Burnout is a major issue in startups and scaleups. Fueled by 10-15 years of Silicon Valley media, the trope is that people have to destroy themselves so they can show up to the next meetup and take pride in pretending that they're "crushing it." This stress + inauthenticity leads to burnout and to more serious mental health issues.
Don't get me wrong: I'm 100% in support of hard work. It's essential. But redlining, maxing out, burning the candle at both ends, etc., must be temporary by definition. It is unsustainable.
What I want to flag for product leaders is how burnout intersects with strategy. Or, more accurately, the lack thereof.
I assert that the root cause for much burnout is an absence of strategy. Because leaders haven't made the hard choices about strategy, they have to brute force it.
The most important, and resisted, part of strategy is focus. This is saying "here are all the really good ideas we are not going to do, so we can channel everything into this one thing that will break through."
Strategy is about what sounds good, but we're not doing.
Practically, this means that a strategy must only have 1 top priority. A list of 3+ priorities is no priorities. And having any articulated, concise strategy is already doing better than most.
There's a saying that startups don't starve, they drown in opportunity. It means that companies have so many potential opportunities to pursue that they spread themselves too thin and nothing breaks through.

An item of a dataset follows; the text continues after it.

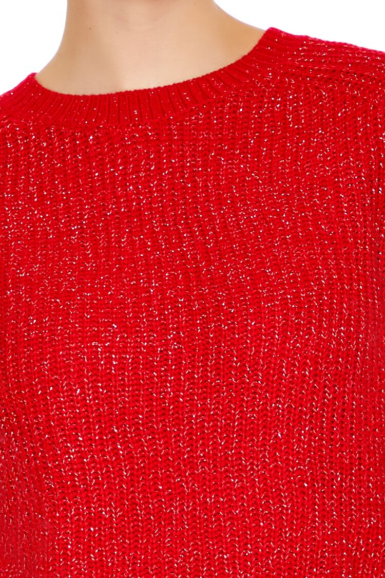 A knit sweater featuring metallic knit throughout. long raglan sleeves. a round neckline. and ribbed trim.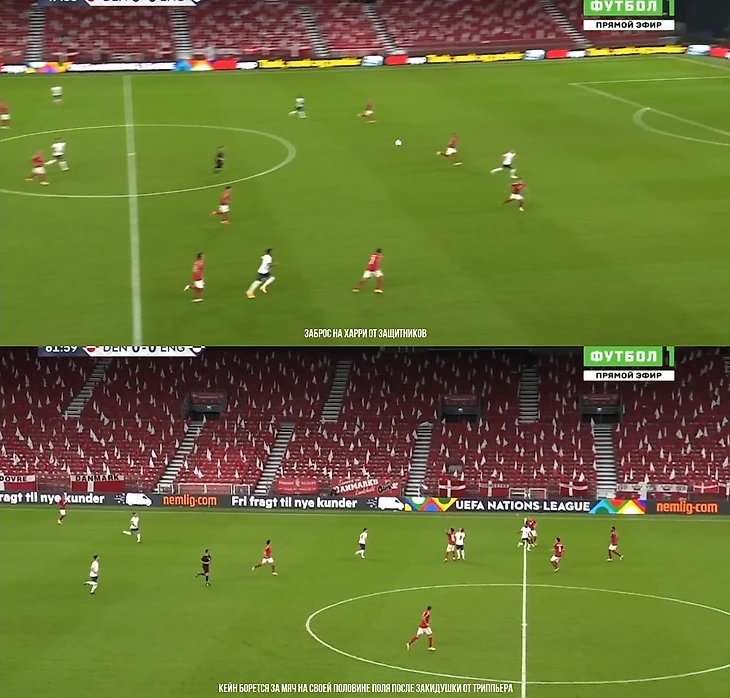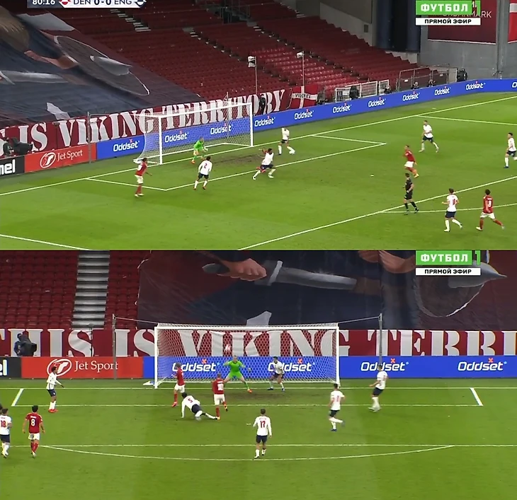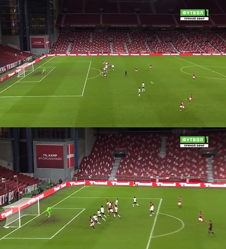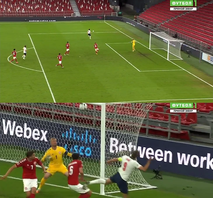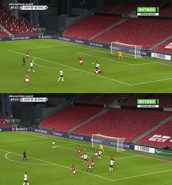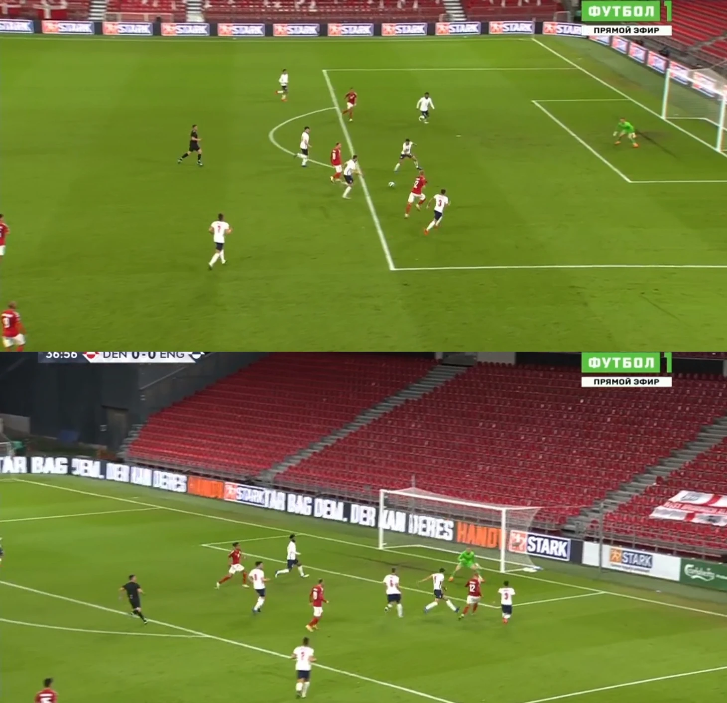 Также англичане первое время много катали мяч у своей штрафной. Если это длилось долго, то датчане включали прессинг, чем пугали Пикфорда, который совершал брак, вынося мяч вперед. Затем это прекратилось вместе с более быстрым выходом от своей штрафной – одновременно с этим прекращался и высокий прессинг хозяев. Опять же параллель со сборной России, которая бросается высоко, если мешкает соперник.

This is the "peanut butter strategy."
Without a real strategy, your options are brute force or luck.
Doing the hard thinking and making tough choices—saying no to good things—might deliver the outcomes the business needs. It's impossible to know in advance.
But it will support your mental and physical health.
Strategy or burnout. Often, that's the real choice at hand.
Andrew- your observation that a lack of strategy leads to a lack of focus which leads to a bunch of burn out is an alarm sounding in entrepreneur land … also I needed to hear how strategy is naming the good things we are not going to do.
Thanks for this letter. I realize I have been working too hard today because of my lack of focus and strategy.